Montréal studio
Colette Hébert doesn't apply paint. She pours it.
Oil, acrylic, latex, ink, gold leaf, and a few secret ingredients, all onto aluminum that won't absorb a thing. The substances repel one another. Materials that shouldn't work together, do, crackling into rich textures.
She works fast, with a spatula instead of a brush, and somewhere in the process a figure appears. She doesn't plan it.
She watches it arrive.
Born in Quebec, Hébert trained under Hungarian painter Laszlo Leslie Schalk, steeped in the Fauvist tradition of Matisse. It was Schalk who taught her lavis, the old French washed-ink technique that demands speed and intuition, no time to think, only to follow the ink as it spreads and make decisions before it settles.

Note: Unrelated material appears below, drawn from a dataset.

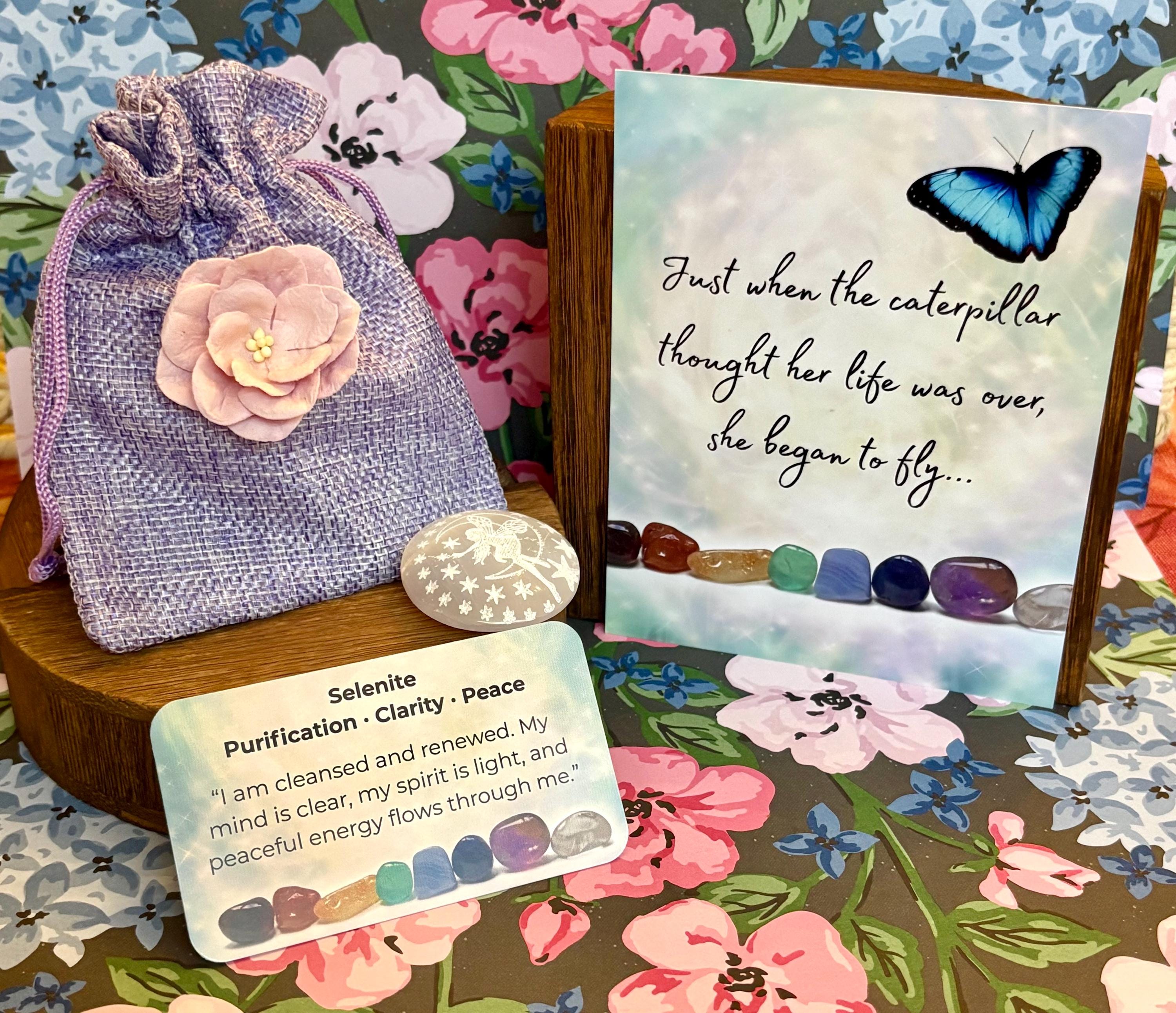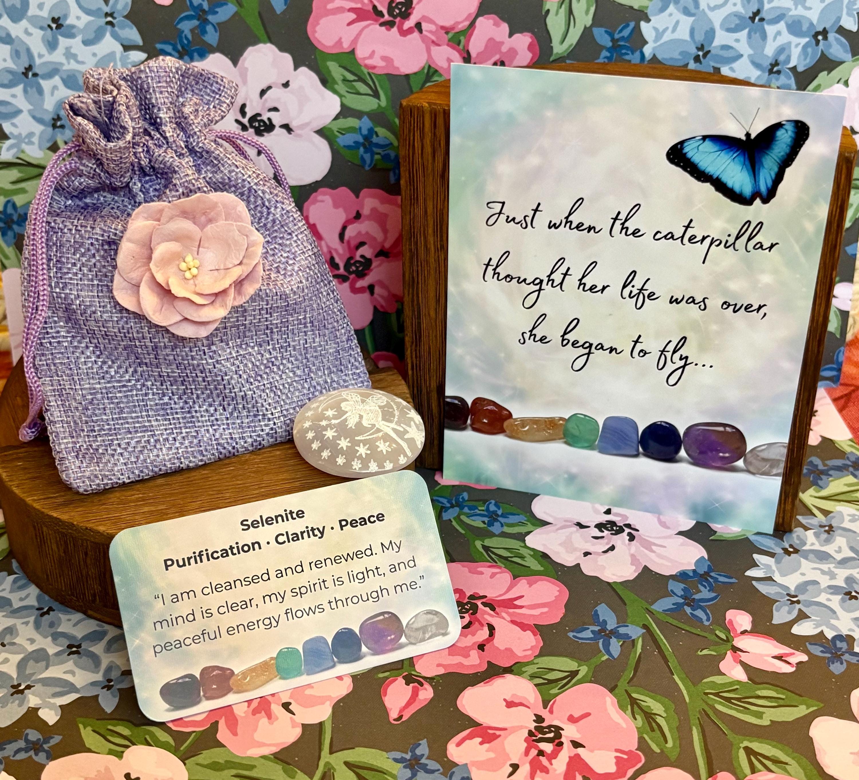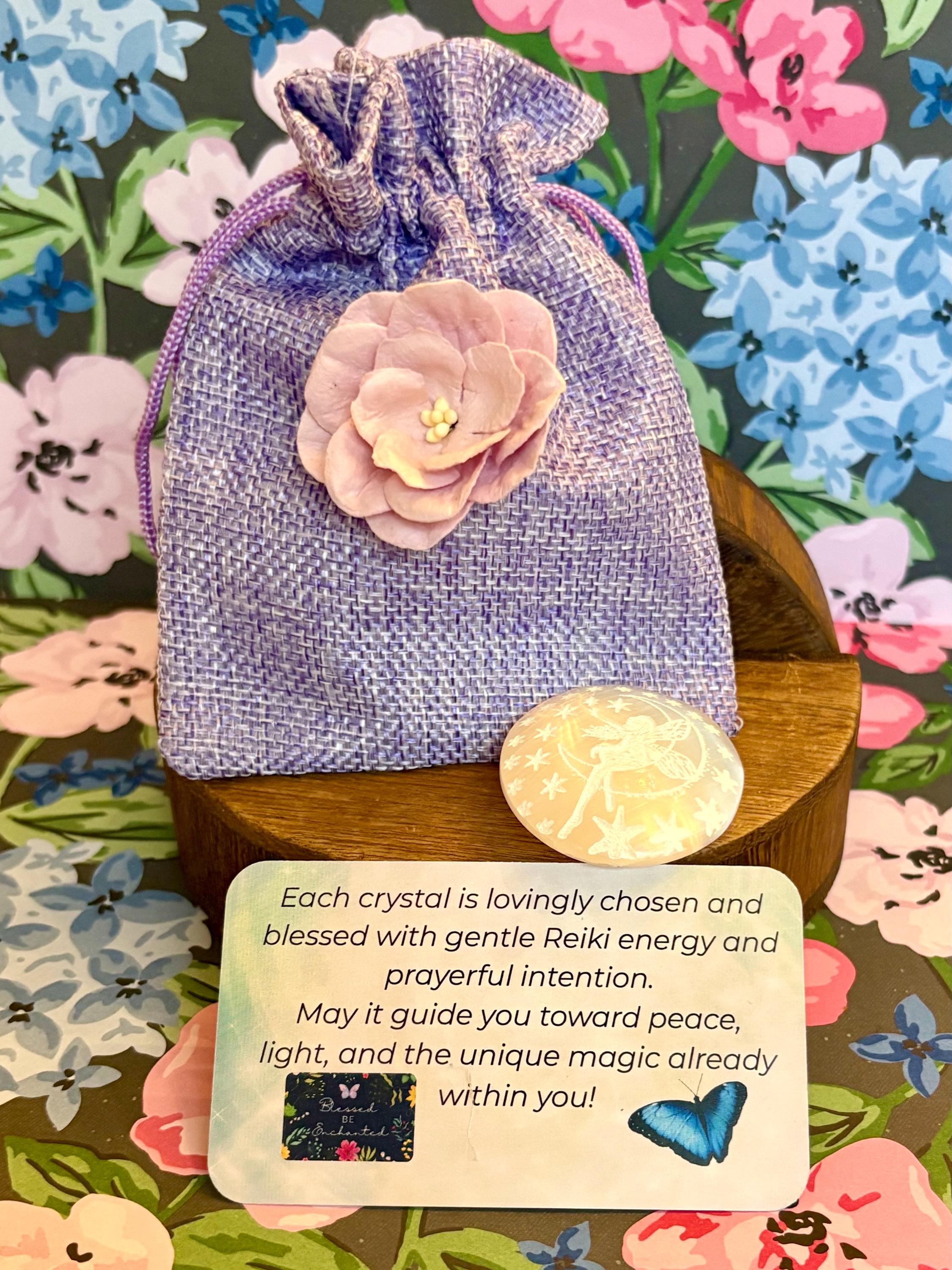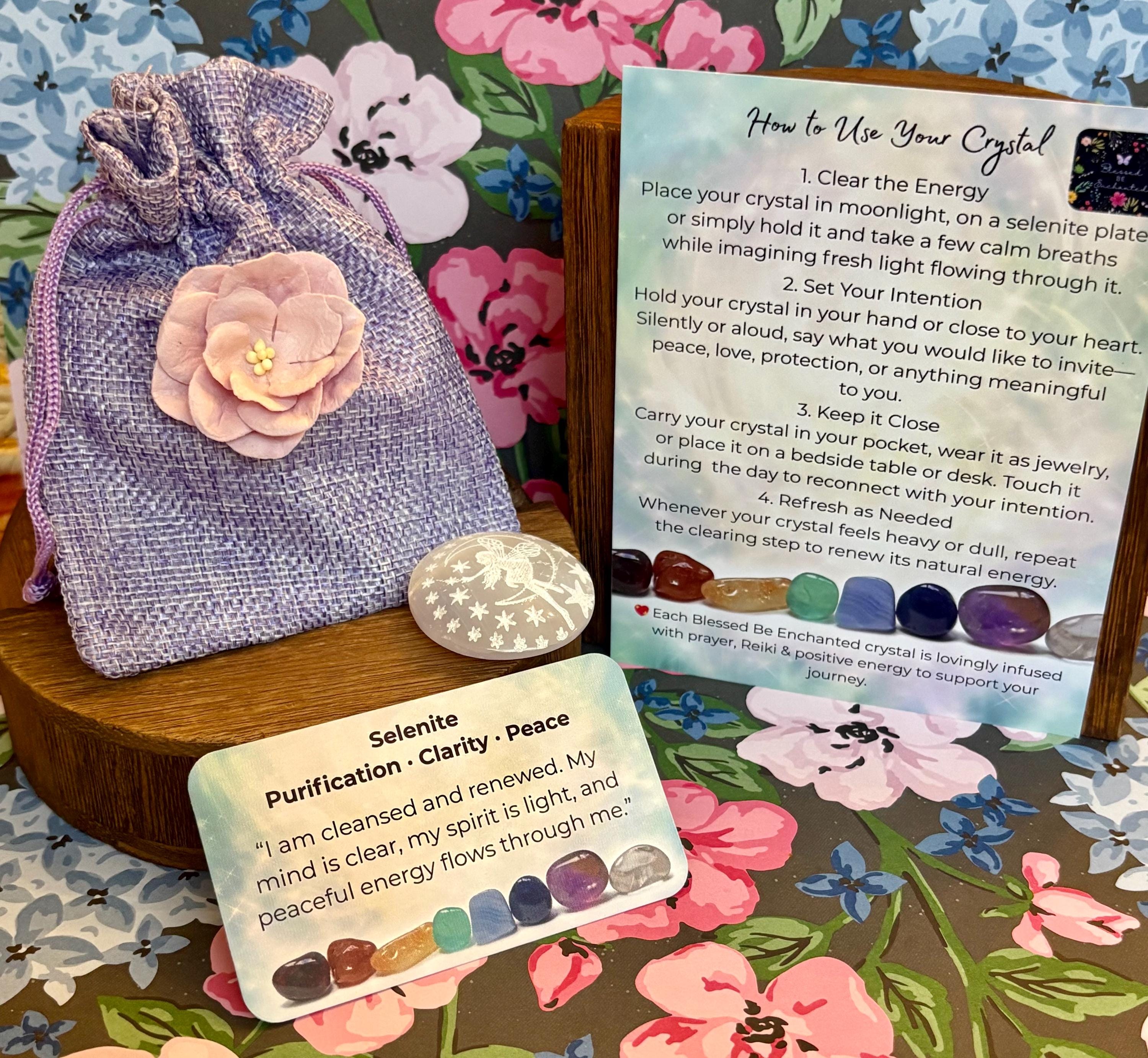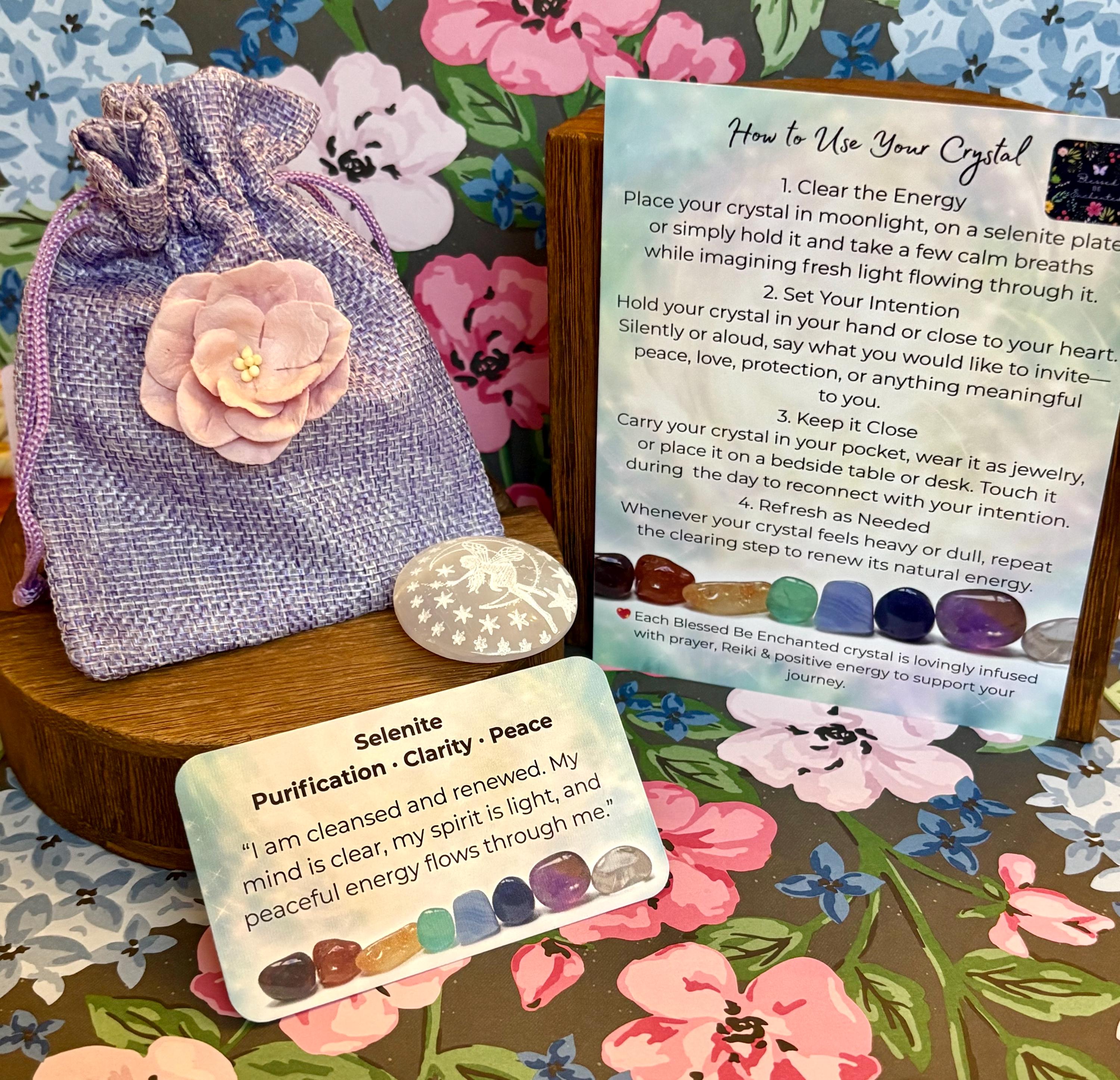 Invite peace, purity, and angelic energy into your day with this lovingly curated crystal set! Each Blessed Be Enchanted Angel Crystal Bag is infused with prayer, Reiki, and positive light to support your spiritual journey.

The aluminum began as a practical choice. Hébert sourced recycled printing sheets from newspapers — lightweight enough to stack and carry as she traveled from Montreal to Spain to South America, before settling in New York in 1993. The material stayed.
A breakthrough show at Gallery 54 in New York led to Passions Gallery, where she spent 20 summers exhibiting in Provincetown and became their longest-exhibiting artist. Her work is in the permanent collection of the Montreal Museum of Fine Arts. Collectors followed her from Provincetown to Key West to Miami.
Gallery 54 Soho
Then she stopped painting entirely.
She took up the Argentine tango, and in 2003 she and her partner became U.S. Tango Champions, performing in Tokyo and Buenos Aires.

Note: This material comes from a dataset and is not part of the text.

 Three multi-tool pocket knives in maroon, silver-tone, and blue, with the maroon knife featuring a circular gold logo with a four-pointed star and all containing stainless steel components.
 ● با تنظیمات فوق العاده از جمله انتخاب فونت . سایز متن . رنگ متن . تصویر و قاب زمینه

For Hébert, tango was the same creative release. A blank canvas, freedom to express through movement. Painting with her feet.

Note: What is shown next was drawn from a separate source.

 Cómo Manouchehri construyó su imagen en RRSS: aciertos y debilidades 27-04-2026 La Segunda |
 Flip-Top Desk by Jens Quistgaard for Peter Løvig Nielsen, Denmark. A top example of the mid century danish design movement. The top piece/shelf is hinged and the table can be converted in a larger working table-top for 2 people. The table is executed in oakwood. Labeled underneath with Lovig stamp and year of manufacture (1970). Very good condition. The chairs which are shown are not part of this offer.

Decades later, a birthday request from her partner put the spatula back in her hand.
Mexico City
Her subject has been primarily the female figure, but never in full detail. A few strokes conjure a torso, the sweep of an arm, the thrust of a hip. The figures are not posed — they are mid-reverie, half-delivered by the incompatible materials that simultaneously reveal and conceal them.